I could be wrong, but this looks like xr.open_dataset is trying to download the data locally, which I attempted to avoid when I initially wrote the script (the one in my original post). But my original method did not save the NARR metadata, which helps supply cross_section with the needed CRS information (provided by metpy.parse_cf()) . I don't know how you were able to get to further with the same code and I am suspecting that maybe xarray is not the same version as yours.

I am using conda environments and I am attaching the environmental yml file I am using. Note that MetPy is being installed using pip since the latest version was not on conda-forge at the time I wrote it.
environment_gitmetpy.txt

For completeness here is a list of the versions of the packages being used for this script (I did import <package-name>; <package-name>.__version__ for all of these):
Python: 3.7.6
Cartopy: 0.17.0
Matplotlib: 3.2.1
Numpy: 1.18.1
Xarray: 0.15.0
MetPy: 1.0.0rc1.post49+gfd319f50 (not sure why this looks this way but it's suppose to be the latest github version)

Also thank you for your recommendation on the step size for cross_section. Once I get it working, I will definitely use less than 100 points, since it makes sense to do so for this resolution.

@thedmv
Copy link
Author

thedmv commented Apr 20, 2020

I just tried running your recommended script on an updated xarray (0.15.1), and the same problem remains. Is there a way for me to use something like my original method, where I have an array of values, and then read only the metadata using xr.open_dataset and attach it to my array slice so that metpy.parse_cf() reads the information the way it likes? I always thought that xr.open_dataset was supposed to work on the data remotely, but this error seems to suggest otherwise, for this case.

@jthielen
Copy link
Collaborator

jthielen commented Apr 21, 2020

Hmm...that's quite interesting! Indeed, (on Ubuntu and RHEL) I've not had any issue like that no matter what xarray version I test with. Using OPENDAP remote URLs lazy load properly and only download the variable data when used, and not the whole dataset. That being said, I suspect that the error

oc_open: server error retrieving url: code=403 message="Request too big=2781.088864 Mbytes, max=500.0"

is the culprit...leading me to believe this is more of a Windows/NetCDF4 issue than something on MetPy's or even xarray's end. @dopplershift Do you have any thoughts here? See @dopplershift's reply below. My assumption was mistakenly based on using the MetPy 0.12.x branch rather than master.

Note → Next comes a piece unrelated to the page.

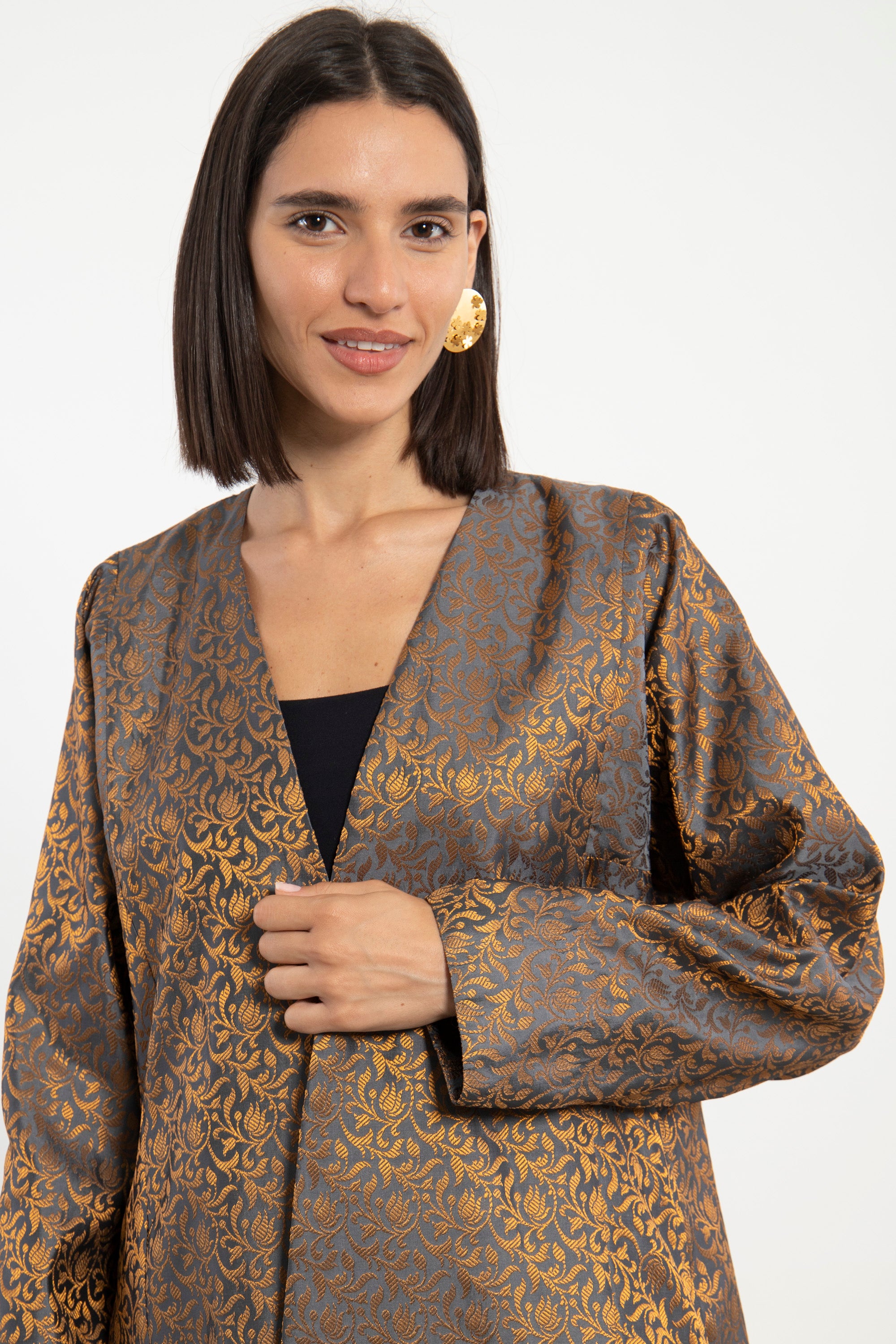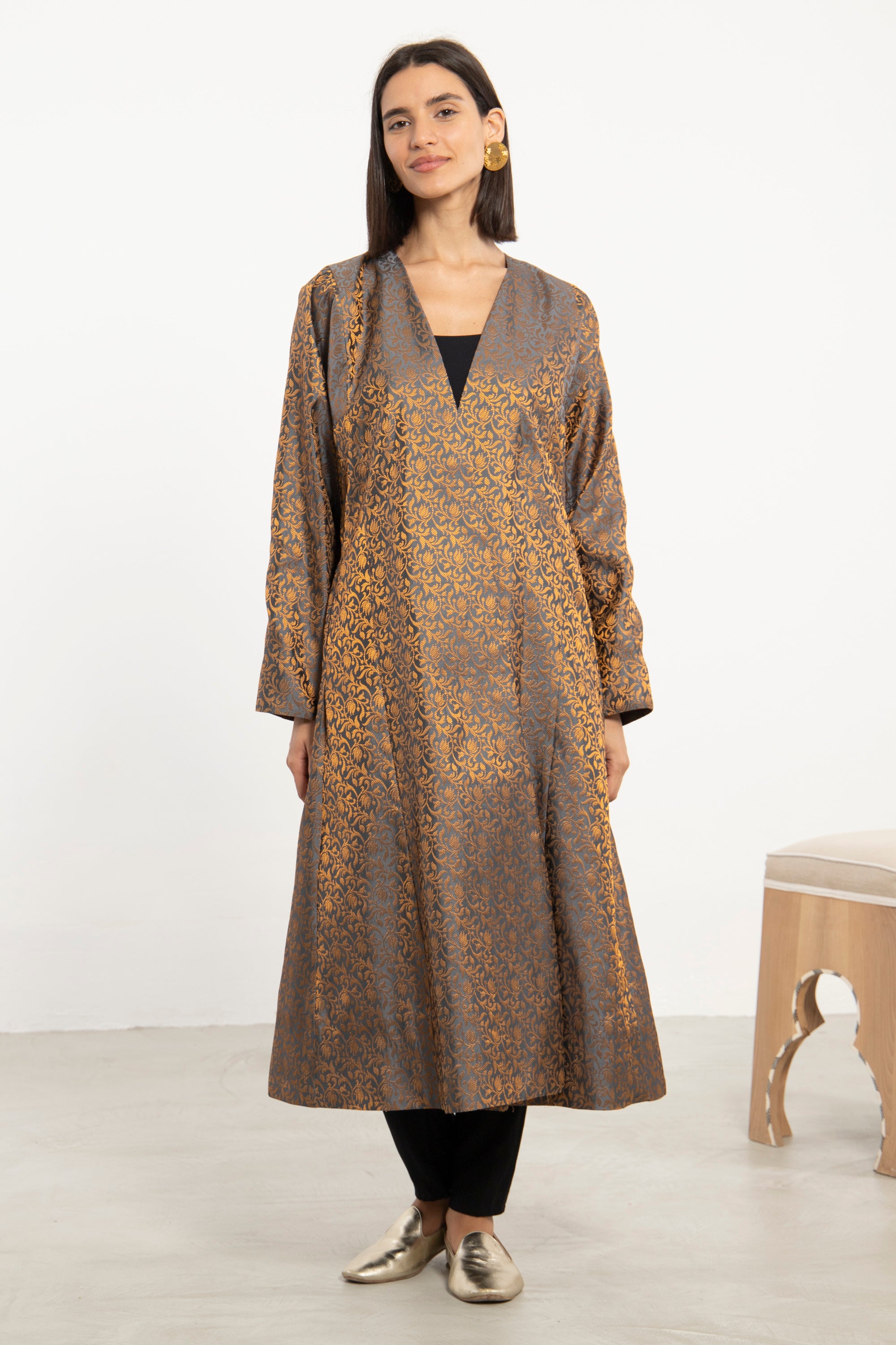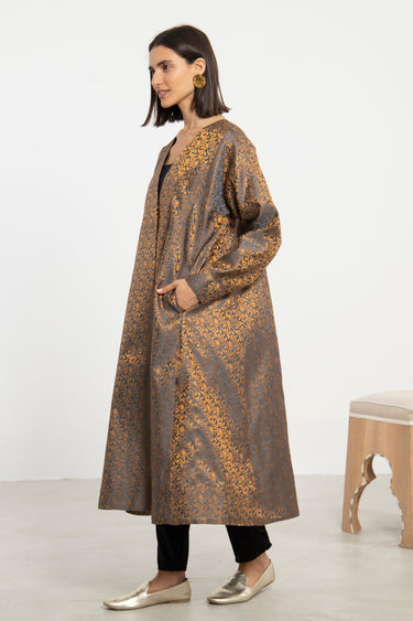A statement piece in rich gold-and-grey brocade, the Malaki Coat blends regal charm with everyday ease. Its open front and fluid A-line cut offer timeless elegance with contemporary versatility.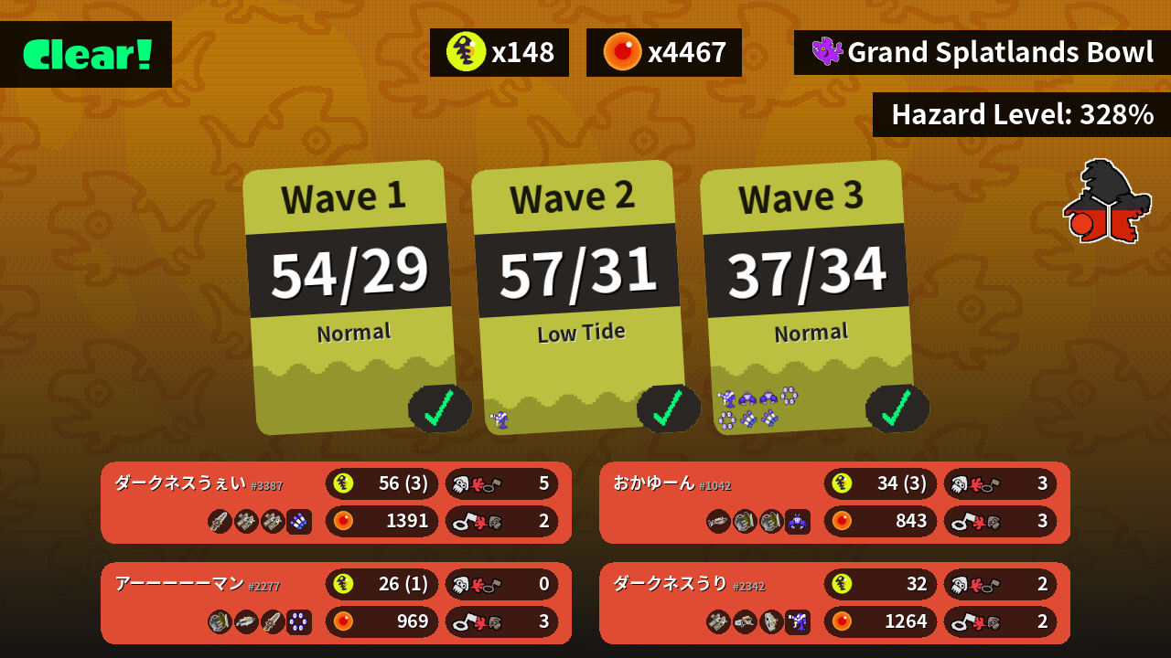 | Weapons | Grizzco Splatana Grizzco Dualies Grizzco Dualies | Grizzco Charger Grizzco Slosher Grizzco Slosher | Grizzco Dualies Grizzco Blaster Grizzco Stringer | Grizzco Slosher Grizzco Brella Grizzco Splatana |

Though, it still should be possible to work around it. I would think that, assuming in your original example, you can get ttds just fine, then something like this should work (and be simplest):

import cartopy.crs as ccrs
import cartopy.feature as cfeature
import matplotlib.pyplot as plt
import numpy as np
import xarray as xr
from datetime import datetime
from siphon.catalog import TDSCatalog
from netCDF4 import Dataset
from metpy.interpolate import cross_section

base_url = 'https://psl.noaa.gov/thredds/catalog/Datasets/NARR/pressure/'
dtselect = datetime(2018, 7, 2, 18)
ttdscat = TDSCatalog(f'{base_url}/catalog.xml').datasets[f'air.{dtselect:%Y}{dtselect:%m}.nc'].access_urls['OPENDAP']
ttds = Dataset(ttdscat)

ttds = xr.open_dataset(xr.backends.NetCDF4DataStore(ttds)).metpy.parse_cf()
ttx = ttds.sel(time=dtselect)

# Create a line going through NYC
start = (41.26, -73.95)
end = (40.04, -73.70)
cross = cross_section(ttx, start, end, steps=20).set_coords(('lon', 'lat'))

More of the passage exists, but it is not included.